1. An external port scan
2. A series of login failures on an external system.
3. A series of login failures on an internal system.
4. A login on a privileged database account
5. Outbound traffic out of normal baseline Joe’s is probably not worried about the external port scan. They happen all of the time.
Joe’s probably also pretty much ignores the login failures on an external system. For that matter, they don’t see a successfully guessed password and a logon, since it doesn’t report as an event. Joe’s may get some concern on a series of login failures on an internal system, but this pretty much depends on the context of the event. If the login failures are on an internal website, it is likely that no one will care. If the login failures are on the FLOOR301 assembly line server, which only talks to an internal application that has the username and password stored in a database, Joe’s get’s concerned because there should be no failed logins.
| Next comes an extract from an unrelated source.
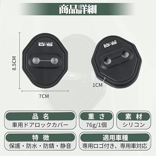 【高級感溢れ 専用ロゴ付き】このカードアストライカーは、深みのあるブラックカラーとシリコン素材のマットな質感が融合し、高級感のあるビジュアルを演出しています。車のドアを開けたり閉めたりするたびに、視界に現れるドアロックカバーが、愛車に微かな輝きを与えます。専用ロゴデザインによって、質感がさらに高まります。美しさと実用性を兼ね備えた便利なアイテムです。【適用車種】:デリカ D:5 CV系 など

The Joe’s I dealt with did not care about a privileged login, since they lacked context and their level of security paranoia was relatively low. If Joe’s sees the elevated traffic levels, it may be cause for concern, but for the most part, it is simply another event in a flood of other events. Keep in mind that Joe’s did not just get these five events. Joe’s got these five events along with another 3,000 or so events that evening. Chances are that IT staff at Joe’s are not alerted to anything.
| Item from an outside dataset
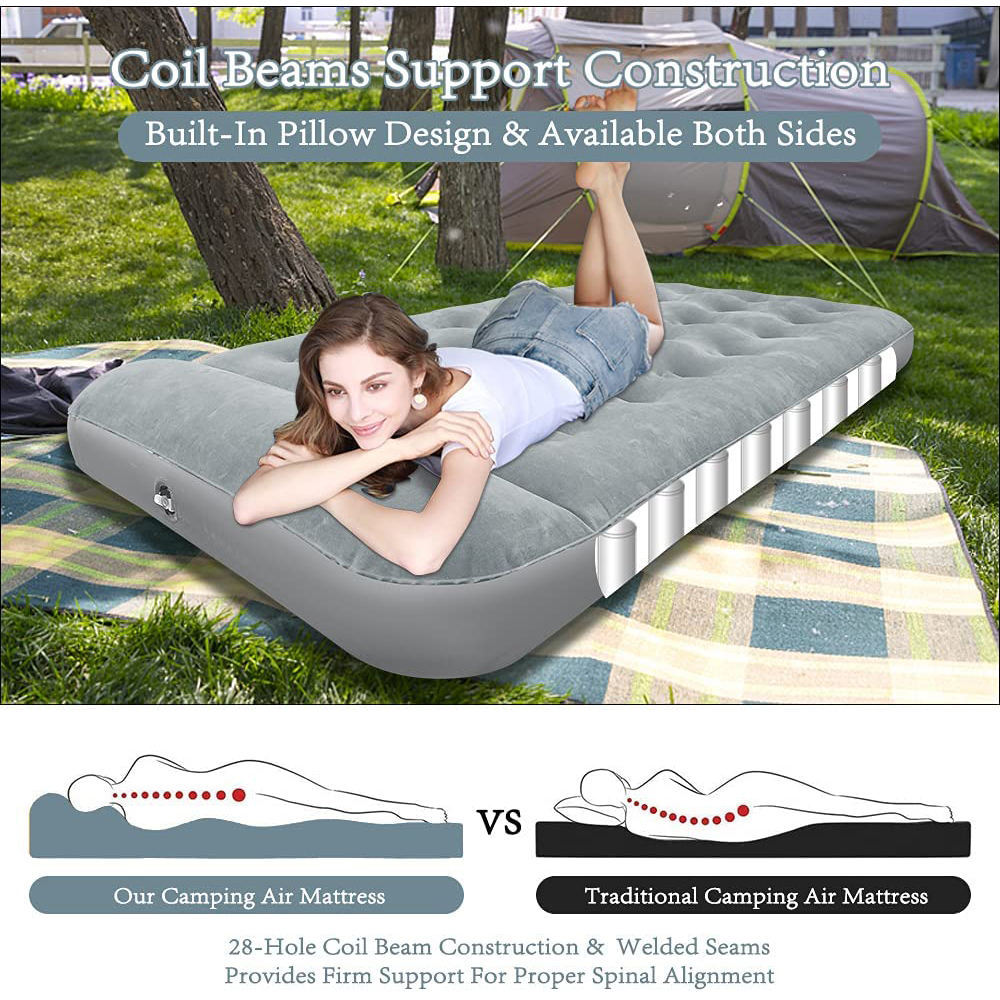 Kasur tiup berkemah luar ruangan, tempat tidur dua lapisan tunggal dengan bantal baterai pompa bawaan

Run the same 3,000 events through BBS. The rules start the same. BBS could not care less about the 17th external port scan run against them that week. BBS may also not be worried about a series of external login failures. But when those failures are immediately followed by a success, correlation kicks into action. Was this a user mistyping a username and/or password, or was this a successfully guessed password? At the very least, the correlation engine has this marked as “curious”. And, marked curiouser and curiouser when the engine checks back in time and sees that 10 minutes earlier BBS had been port scanned. Suddenly, the port scan is not “just another port scan”. The correlation engine then evaluates context about the events. Can it see anything else interesting about the events, like, if the source IP addresses of the port scan and any of the login attempts are the same IP address – adding context to the correlation.
Then, BBS sees the login failures internally. Given that this followed shortly after the suspicious external logins, this series of events is now marked with an elevated concern of something more like “interesting”. Their internal systems report the privileged account logon as a matter of due course, and it is only really interesting if it falls in a reasonable time sequence in the series of events that the correlation engine is now tracking. Elevated outbound traffic volume would be the last straw. The correlation engine looked at 3,000 events, and picked out a series of five, and determined that they were related – that they fit together like the corner of a puzzle.
What happens next depends on how BBS has defined their security profile. At the very least, an internal alert is issued. The BBS that I know is prepared to act on their alerts, and they would terminate outbound traffic at the firewall.
The five events are obviously a dramatic oversimplification. So is the “five out of 3,000”. In reality, this could be thousands and potentially millions, of events, depending on the exact environment of the client. Hence the term “correlation engine”. If your environment consists of six systems, and one IT guy knows them all, you may have your correlation right there. But if you are of any size, doing meaningful correlation manually is going to be more a matter of luck than skill.
But first, you need the data. Then you need to be able to transform that data into information by adding quality context. Lastly, you need to apply correlation to see how the pieces fit together. If you have all three, you can figure out the puzzle. If you think you are going to rely on manual processing and brute force, then I am pretty sure that I have an X-Acto knife and rubber mallet I can sell you.